[Records supplied]

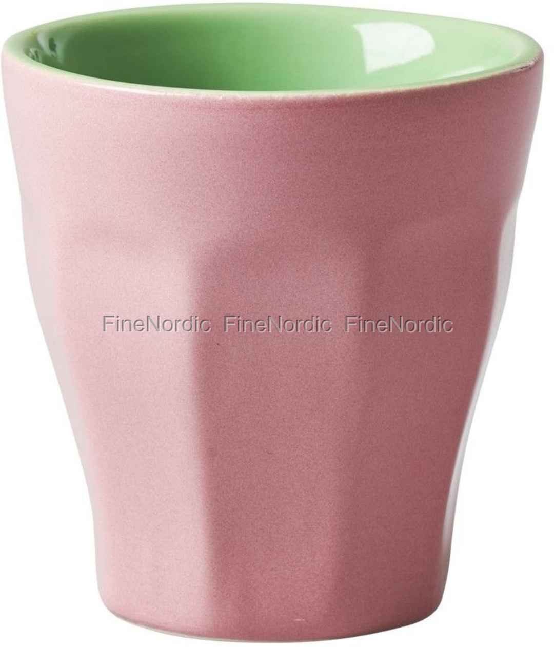 Kleiner Keramik Espressobecher in Rosa und Soft Green, von Rice.
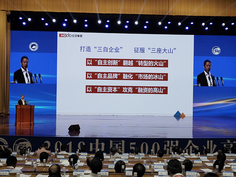 中国民间商会副会长、红豆集团董事局主席兼CEO周海江受邀担任本次大会联合主席,并在企业家主题论坛就中国企业如何“做好自己事 当好自己人”为题,从“打造三自企业,做好自己事”及“当好新时代自己人”两个方面出发,同与会者探讨在当前复杂多变的全球经济环境下,大企业的发展之道。 一方面要打造三自企业,做好自己事。周海江表示,企业当前亟需征服的“转型的火山、市场的冰山、融资的高山”这“三座大山”,既需要各级党和政府营造更好的发展环境,更需要广大企业自身能够主动应对、积极作为,做好自己的事,着力打造“三自企业”即“自主创新、自主品牌、自主资本”。
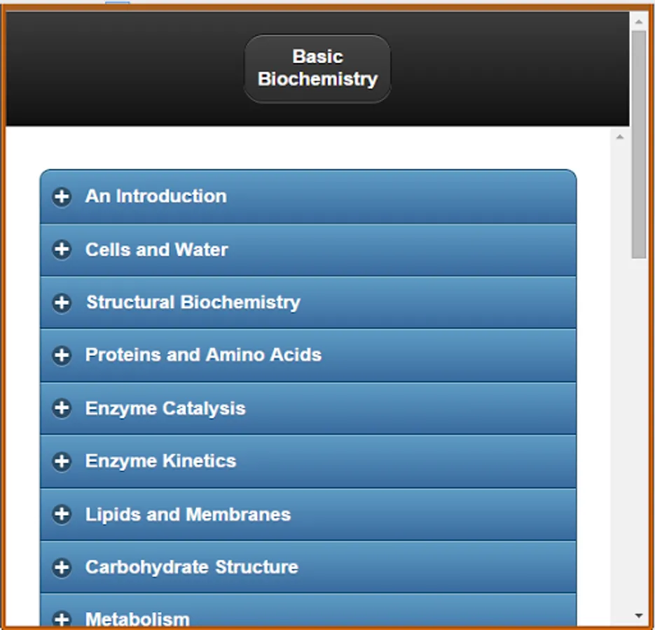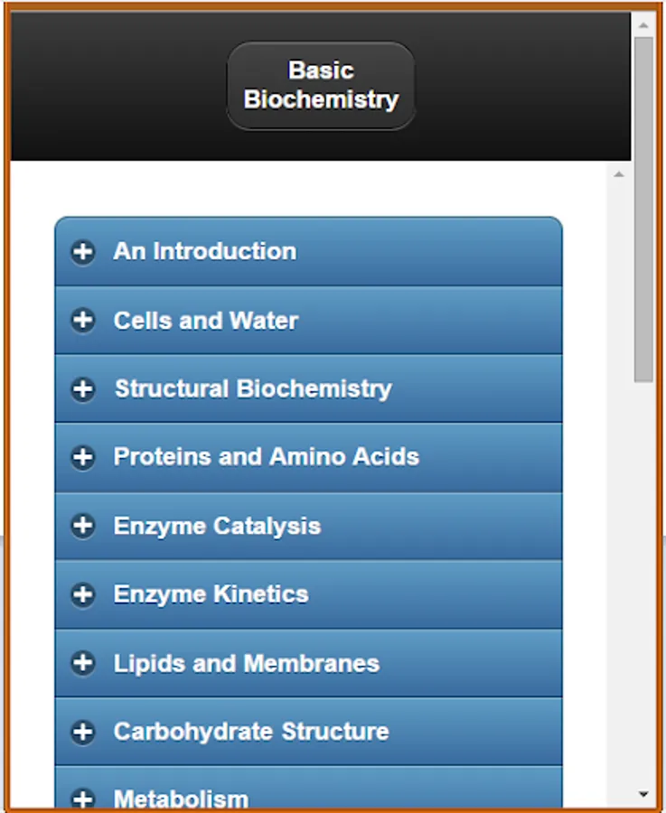 # The basic topics of Biochemistry are included briefly in this app.
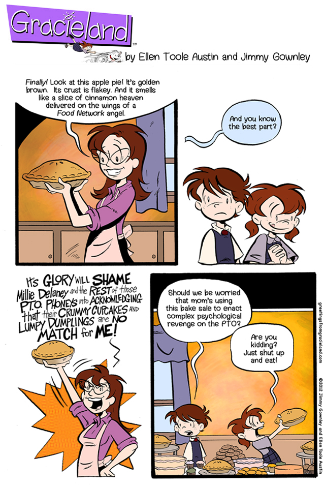 Editor’s Note: We hope you enjoy this week’s Greetings from Gracieland, our fantastic webstrip from Jimmy Gownley and Ellen Toole Austin. Along with the comic, you’ll find “Table Talk”, a terrific conversation starter to share with your children. Be sure to visit the Greetings from Gracieland website at www.GreetingsFromGracieland.com for more fun and inspiration with Gracie and join us here Thursday mornings for a new feature! LMH
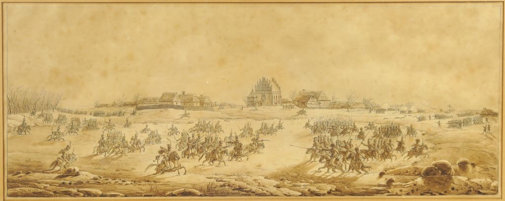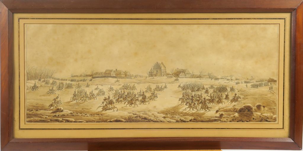 Benjamin ZIX (1772-1811) "La bataille de Golymin en Pologne, le 26 décembre 1806" Plume et encre noire, lavis brun 24 x 60,5 cm Porte un numéro en bas à droite au crayon bleu, ce sujet correspondant à un dessin préparatoire dans l’album et numéroté « 396 ». Situé et daté au verso de l’encadrement, ancienne étiquette : « extrait de la revue Miroir ou l’Histoire/en 1805 le général Klein commande la première division de dragons il est né à Blamont (Meurthe et Moselle) le 24 décembre 1806 il prend au général Blueber 1000 prisonniers, deux drapeaux le 28 décembre 1806 avec le général Nansity ? il remporta un avantage signalé à Kolozeinb ? et à Golymin en Pologne/il est tué à Eylau » Insolé, rousseurs Expert : Cabinet de Bayser
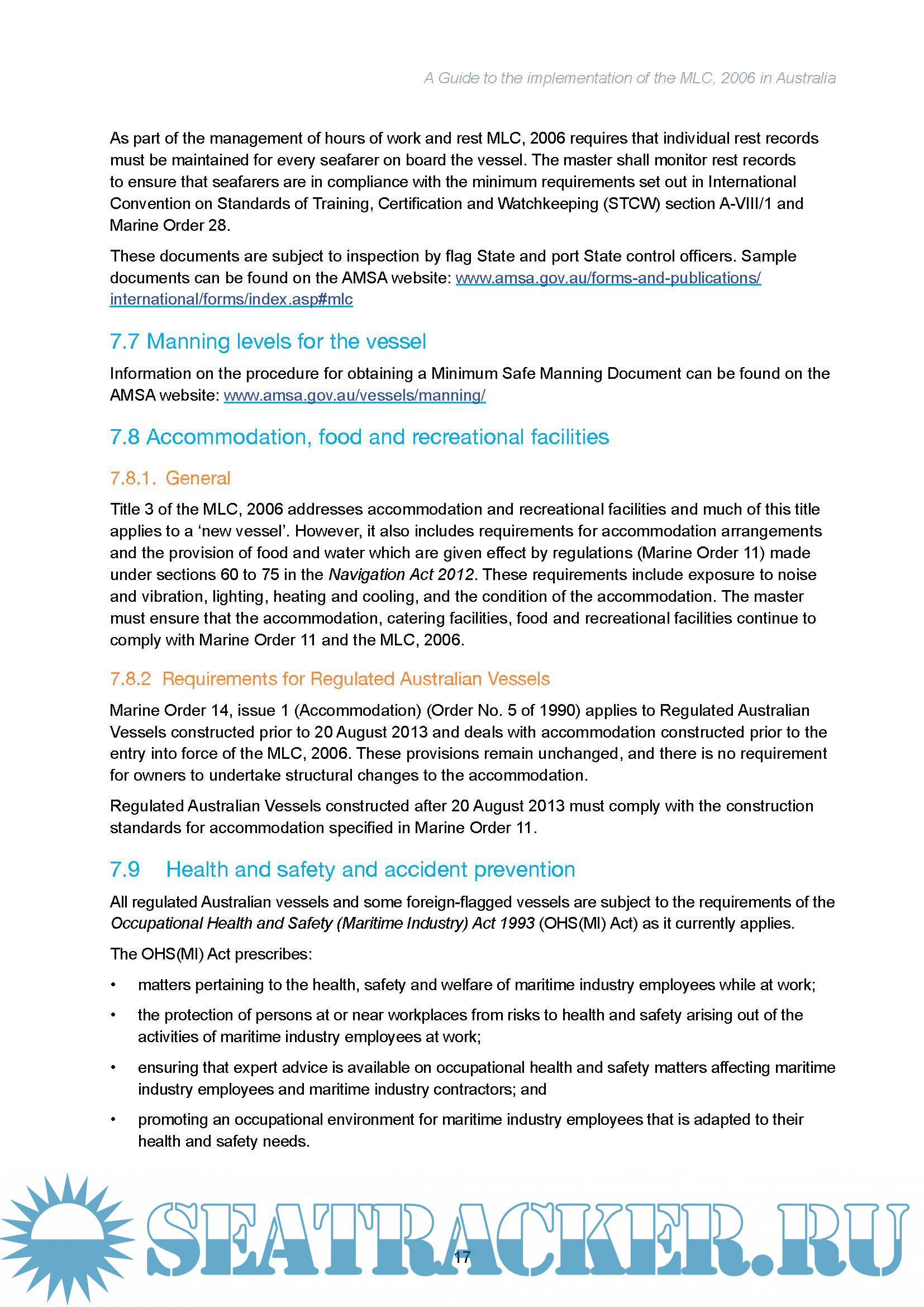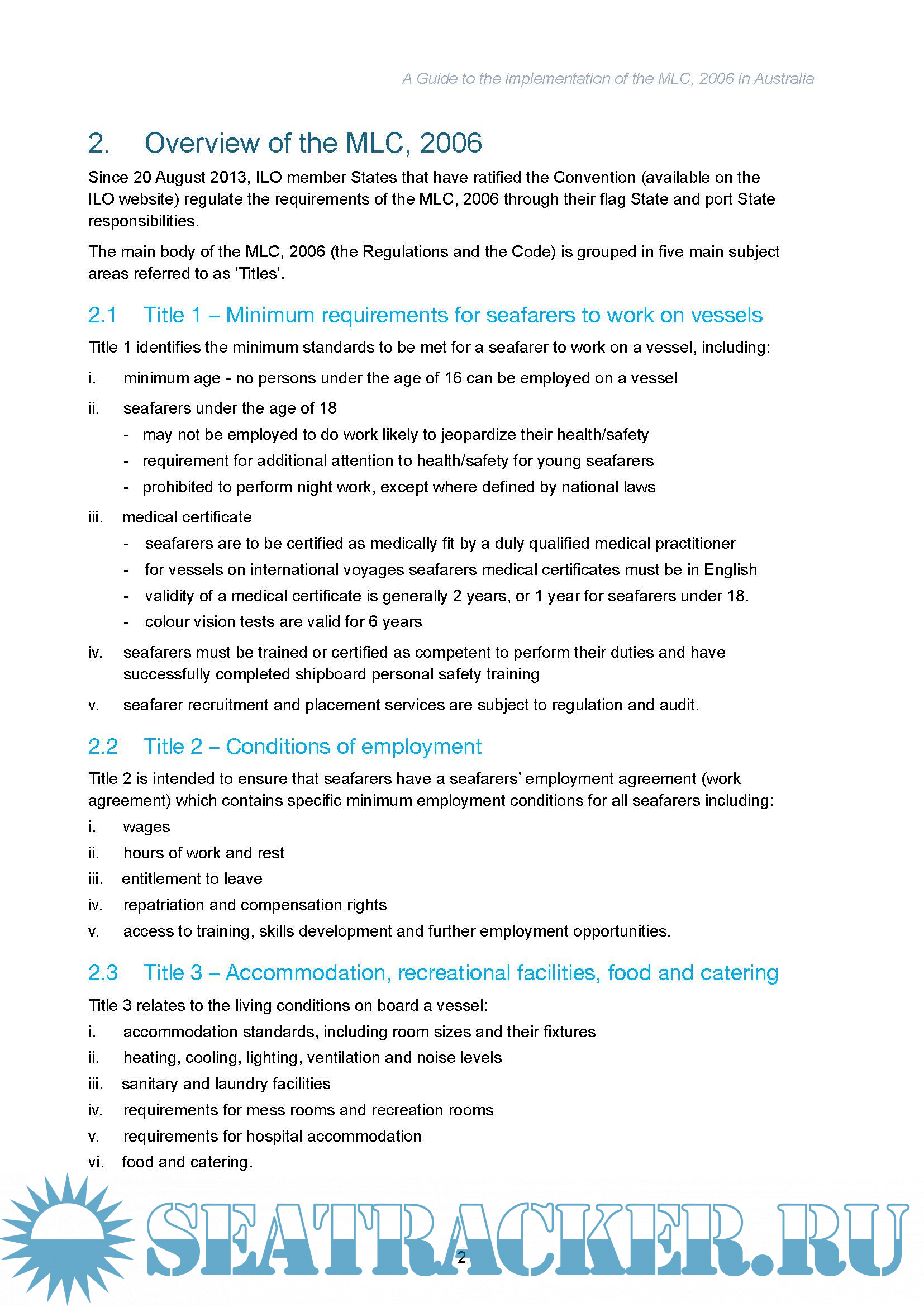 Maritime Labour Convention 2006 , A Guide to the implementation of the MLC in Australia, version 3

[/Records supplied]

• **Activity**
Please output all of the data exactly as given, omitting any images it holds.

• **Answer for this exercise**
 Kleiner Keramik Espressobecher in Rosa und Soft Green, von Rice.
 中国民间商会副会长、红豆集团董事局主席兼CEO周海江受邀担任本次大会联合主席,并在企业家主题论坛就中国企业如何“做好自己事 当好自己人”为题,从“打造三自企业,做好自己事”及“当好新时代自己人”两个方面出发,同与会者探讨在当前复杂多变的全球经济环境下,大企业的发展之道。 一方面要打造三自企业,做好自己事。周海江表示,企业当前亟需征服的“转型的火山、市场的冰山、融资的高山”这“三座大山”,既需要各级党和政府营造更好的发展环境,更需要广大企业自身能够主动应对、积极作为,做好自己的事,着力打造“三自企业”即“自主创新、自主品牌、自主资本”。
 # The basic topics of Biochemistry are included briefly in this app.
 Editor’s Note: We hope you enjoy this week’s Greetings from Gracieland, our fantastic webstrip from Jimmy Gownley and Ellen Toole Austin. Along with the comic, you’ll find “Table Talk”, a terrific conversation starter to share with your children. Be sure to visit the Greetings from Gracieland website at www.GreetingsFromGracieland.com for more fun and inspiration with Gracie and join us here Thursday mornings for a new feature! LMH
 Benjamin ZIX (1772-1811) "La bataille de Golymin en Pologne, le 26 décembre 1806" Plume et encre noire, lavis brun 24 x 60,5 cm Porte un numéro en bas à droite au crayon bleu, ce sujet correspondant à un dessin préparatoire dans l’album et numéroté « 396 ». Situé et daté au verso de l’encadrement, ancienne étiquette : « extrait de la revue Miroir ou l’Histoire/en 1805 le général Klein commande la première division de dragons il est né à Blamont (Meurthe et Moselle) le 24 décembre 1806 il prend au général Blueber 1000 prisonniers, deux drapeaux le 28 décembre 1806 avec le général Nansity ? il remporta un avantage signalé à Kolozeinb ? et à Golymin en Pologne/il est tué à Eylau » Insolé, rousseurs Expert : Cabinet de Bayser
 Maritime Labour Convention 2006 , A Guide to the implementation of the MLC in Australia, version 3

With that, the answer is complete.